Macquarie Group Limited

Completion of the MEREP buying period: Macquarie Group Limited (ASX: MQG) is a large-cap diversified financial group with the market capitalisation of ~A$43.48 Bn as of 10th July 2019. Macquarie Group Limited and its controlled bodies corporate ceased to be a substantial holder in Patrys Limited on 5th July 2019. MQG further stated that it had concluded the acquisition of Macquarie ordinary shares which was required for the 2019 profit share and promotion awards under the Macquarie Group Employee Retained Equity Plan (MEREP). It was stated that a total of approximately $A607 million of Macquarie ordinary shares was purchased. The company reported net operating income of A$6.924Mn in 2H FY19 as compared to A$5.830 Mn in 1H FY19, which reflects a growth of 19%.

Financial Summary (Source: Company Reports)

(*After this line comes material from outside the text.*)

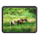 Chevaux broutant dans une prairie estivale. Aquarelle. Pays de Galles.

Future Prospects: The group is expecting FY 2020 results to be slightly lower than FY 2019. The company is well placed for delivering superior performance in the medium term. MQG stated that its ongoing program might identify the cost saving initiatives as well as efficiency. It has a strong and conservative balance sheet.

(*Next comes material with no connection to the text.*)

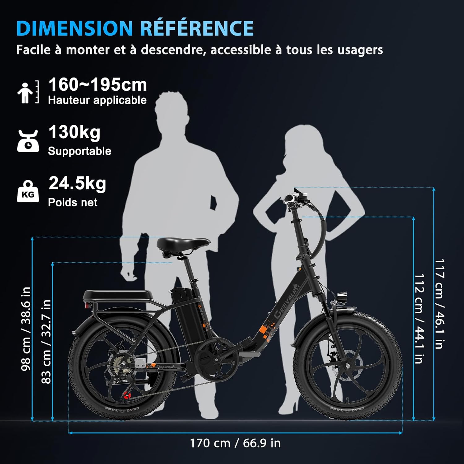 Le cadre de notre vélo motorisé est conçu pour les adultes et supporte une charge maximale de 130 kg. Ses dimensions dépliées sont de 17040112 cm et il pèse 28 kg. Notre design ergonomique vise à offrir une posture de conduite naturelle et confortable pour une large gamme d’utilisateurs.

Stock Recommendation: The group has well matched funding profile with minimal reliance on short-term wholesale funding. When it comes to the stock’s past performance, it produced returns of -2.03% and 12.07% in the time span of three months and six months, respectively. As per ASX, the stock is trading closer towards its 52-weeks higher levels of $136.840 with an annual dividend yield of 4.5%. Hence, considering the aforesaid parameters and current trading levels, we give an “Expensive” recommendation on the stock at the current market price of A$128.010 per share (up 0.211% on 10th July 2019).
 

AMP Limited

Trading at Lower Level: AMP Limited (ASX: AMP) is a provider of life insurance, superannuation, pensions and other financial services. The market capitalisation of the company stood at ~A$6.31 Bn as on 10th July 2019. As per the release dated 2nd July 2019, AMP Limited and its related bodies corporate have become an initial substantial holder in Otto Energy Ltd with the voting power of 5.01% on 28th June 2019. In the release dated 14th June 2019, AMP noted the announcement by Australian Prudential Regulation Authority regarding the imposing of directions as well as additional conditions on the Registrable Superannuation Entity (or RSE) licences of AMP’s superannuation trustees i.e. AMP Superannuation Limited and NM Superannuation Proprietary Limited.

The Australian wealth management AUM witnessed a rise of 5% to A$129.3 Bn in Q1 FY19, with positive investment markets offsetting weaker cash inflows.


Asset Under Management (Source: Company Reports)

Future Aspects: The 2019 priorities revolve around transforming Australian wealth management and grow New Zealand wealth management. Additionally, the priorities also include maintaining the growth momentum in the AMP Capital.

Stock Recommendation: The annual dividend yield of AMP Limited stood at 6.54%, which is better than the industry median of 5.3%. On the stock performance front, it generated negative returns of 1.83% and 16.41% in the time span of three months and six months, respectively. Currently, the scrip is trading slightly towards a 52-week lower level of $2.000 with higher PE multiple of 214.0x. Hence, considering the mix scenario and looking at the current trading level, we have a wait and watch view on the stock at the current market price of A$2.140 per share.